Department of General Paediatrics, Asklepios Clinic Sankt Augustin, Sankt Augustin, Germany.
Department of Paediatric and Adolescents Medicine, University Hospital of Cologne, Cologne, Germany.
Pediatr Rheumatol Online J. 2022 Nov 16;20(1):100. doi: 10.1186/s12969-022-00755-x.
Juvenile idiopathic arthritis (JIA) describes heterogenous categories of chronic inflammatory rheumatic conditions of unknown origin in children and adolescents. Epidemiological data in the literature vary, depending on geographic location, ethnicity and the case definition used. We evaluated epidemiology, especially that of the categories defined by the International League of Associations for Rheumatology (ILAR).
Using data from two different longitudinal health claims databases (WIG2 and InGef) from January 1, 2013 to December 31, 2019, we looked at patients aged 2 to 15 years old with at least one main inpatient or two secondary inpatient/verified outpatient ICD-10 diagnoses in at least two different quarters within one calendar year. We calculated prevalence and incidence (per 100,000 patients) and extrapolated data to the entire German population, looking at differences in gender and age groups. Additionally, we collected data on "other" not necessary comorbidities in our JIA patient population.
Of the 3-4 million patients in the databases (respectively) in 2018, we found a total of 546 (WIG2) and 849 (InGef) patients that met our JIA case definition, with an incidence of 34 (29-41) and 60 (53-67) and prevalence of 133 (122-145) and 168 (157-179). Both incidence and prevalence throughout the age range were mostly higher in females than males, however the difference between females and males increased with increasing age. Of the ILAR categories, oligoarthritis was the most prevalent (70 and 91 per 100,000), with about half of our JIA patients in this category, followed by undifferentiated arthritis (49 and 56 cases per 100,000) and rheumatoid factor negative (RF-) (31 and 39 per 100,000). Incidence in 2018 was the highest in these three categories. Atopic dermatitis, vasomotor and allergic rhinitis, and uveitis were the pre-defined comorbidities seen most often in both databases.
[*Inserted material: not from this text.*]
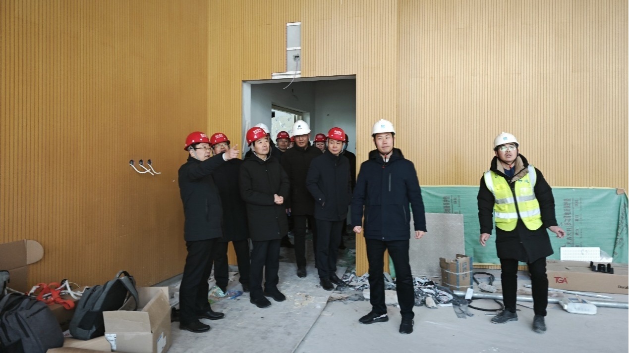 陈向炜一行深入工地,实地查看了艺术楼、音乐厅、展厅等功能空间的装修情况和成品效果,详细察看了音乐厅内部精装修、外部玻璃幕墙、排练室吸音板安装等工程进展,并仔细询问了工程进度计划和寒假工期安排。

This study provides current incidence and prevalence JIA data in Germany, contributing to knowledge on burden of disease and tools for healthcare planning.
幼年特发性关节炎(JIA)描述了儿童和青少年中病因不明的异质性慢性炎症性风湿性疾病类别。文献中的流行病学数据因地理位置、种族和使用的病例定义而异。我们评估了流行病学,特别是国际风湿病协会联盟(ILAR)定义的类别。
使用来自两个不同纵向健康索赔数据库(WIG2 和 InGef)的数据,时间范围为 2013 年 1 月 1 日至 2019 年 12 月 31 日,我们观察了至少 2 个不同季度内至少有 1 个主要住院或 2 个次要住院/经核实的门诊 ICD-10 诊断的 2 至 15 岁患者。我们计算了发病率(每 10 万患者)和患病率(每 10 万患者),并将数据外推至整个德国人口,观察了性别和年龄组之间的差异。此外,我们还收集了我们 JIA 患者人群中“其他”非必需合并症的数据。
在 2018 年的数据库(分别为)中,我们共发现 546 例(WIG2)和 849 例(InGef)符合 JIA 病例定义的患者,发病率为 34(29-41)和 60(53-67),患病率为 133(122-145)和 168(157-179)。整个年龄范围内,女性的发病率和患病率均高于男性,但随着年龄的增长,女性与男性之间的差异增加。在 ILAR 类别中,寡关节炎最为常见(每 10 万人中有 70 人和 91 人),约有一半的 JIA 患者属于此类,其次是未分化关节炎(每 10 万人中有 49 人和 56 人)和类风湿因子阴性(RF-)(每 10 万人中有 31 人和 39 人)。2018 年这三类的发病率最高。特应性皮炎、血管舒缩性和过敏性鼻炎以及葡萄膜炎是两个数据库中最常见的预先定义的合并症。
本研究提供了德国当前 JIA 的发病率和患病率数据,有助于了解疾病负担和医疗保健规划工具。